The procedure requires two files as input: a reference genome for the uninfected plant in fasta format, and the sequence reads to be analysed in fastq format. The reads can be either be stored in a single interleaved file or in two paired-end files, and the pipeline can also read files compressed in the gzip format.

  1. The procedure calls the A5 pipeline to assembly the reference genome reads. The contigs list (Healthy.contigs.fasta) is kept for later, while the remaining files are archived in the bzip2 format.

  2. The procedure calls the A5 pipeline to assembly the mixed genome reads. The contigs list (Diseased.contigs.fasta) is then indexed and aligned with the error corrected reads (Diseased.ec.fastq) using the bwa index and mem commands. The resulting sam file (Diseased.mapped.sam) is converted to the bam format, and statistical data is produced using the samtools commands view, sort, index and idxstats, in order.

  3. The resulting database (Diseased.sorted.csv) is passed to a perl procedure (phytocount.pl) that calculates the coverages (as a ratio between the number of mapped reads and the length, in %), and saves them in a csv file (Diseased.sorted.cov.csv). The contigs are then grouped according to coverage ratios (1%, 2%, 3%, etc.) and saved in a csv file (Diseased.sorted.histo.csv).

The following steps are run once with no cutoff, then using an optimized cutoff ($cutoffval) determined using the ratio between the sum of the lengths of the non-mapping reads with no cutoff and the sum of the lengths of the error corrected reads of the diseased plant.

  1. Contigs with coverages higher than the cutoff value are exported to a fasta file (Diseased.cutoff.$cutoffval.fasta). This file is again indexed and aligned with the high quality reads (Diseased.ec.fastq) with bwa, again using the mem command, and saved in the sam format (as Stage1.$cutoffval.match.sam).

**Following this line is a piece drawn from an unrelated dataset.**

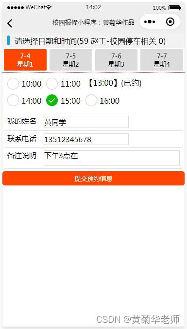 人员预约:选择日期,选择时间点,填写预约姓名、电话、备注等提交

  2. The sam file is passed to a second perl procedure (phytofilter.pl) that extracts and exports both mapping and non-mapping sequences to fasta and fastq files (Stage1.$cutoffval.nonmatch.fasta/q, Stage1.$cutoffval.match.fasta/q), according to the sam flag #4, (“the query sequence itself is unmapped”).

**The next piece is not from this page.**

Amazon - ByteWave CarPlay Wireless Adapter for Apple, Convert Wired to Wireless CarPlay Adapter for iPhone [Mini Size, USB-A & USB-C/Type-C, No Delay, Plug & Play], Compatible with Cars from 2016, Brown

  3. The mapping reads (Stage1.$cutoffval.match.fastq) are then aligned with bwa mem against the healthy assembly (Healthy.contigs.fasta) and saved in the sam format (Stage2.$cutoffval.match.sam).
    The sam file is passed to phytofilter.pl again, producing mapping and non-mapping fasta and fastq files (Stage2.$cutoffval.match.fasta/q and Stage2.$cutoffval.nonmatch.fasta/q).

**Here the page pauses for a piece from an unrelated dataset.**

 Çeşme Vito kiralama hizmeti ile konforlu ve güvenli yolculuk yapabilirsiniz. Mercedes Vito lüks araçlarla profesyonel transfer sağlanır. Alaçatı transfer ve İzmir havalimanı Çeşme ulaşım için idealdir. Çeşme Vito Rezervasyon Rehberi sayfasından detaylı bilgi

  4. The non-mapping sequences are assembled with the A5 pipeline, to obtain the non-mapping contigs list (Stage3.$cutoffval.contigs.fasta).

  5. A third perl procedure (phytoblast.pl) creates a blast nucleotide database from the reference genome contigs file (Healthy.contigs.fasta) and queries it with tblastx (translated nucleotide query vs. translated nucleotide database blast) using the non-mapping sequences (Stage3.$cutoffval.contigs.fasta).
    The results are saved in a csv file (Stage3.$cutoffval.contigs.csv), which is then filtered according to the identity percentage (I.P.): entries with an I.P. greater than 95% are attributed to the plant (Stage3.$cutoffval.contigs.plant.csv), while those with a lower I.P. are attributed to the phytoplasma (Stage3.$cutoffval.contigs.phyto.csv).
    The IDs saved in the last csv file are used to extract the phytoplasma sequences from the query and saved in a fasta file (Stage3.$cutoffval.contigs.phyto.fasta).

  6. Lastly, all the outputs (Diseased.*, Healthy.*, Stage3.*) are moved to folders with a timestamp (e.g. PhytoFiles_<cutoff>_<date>) and compressed in the tbz2 format.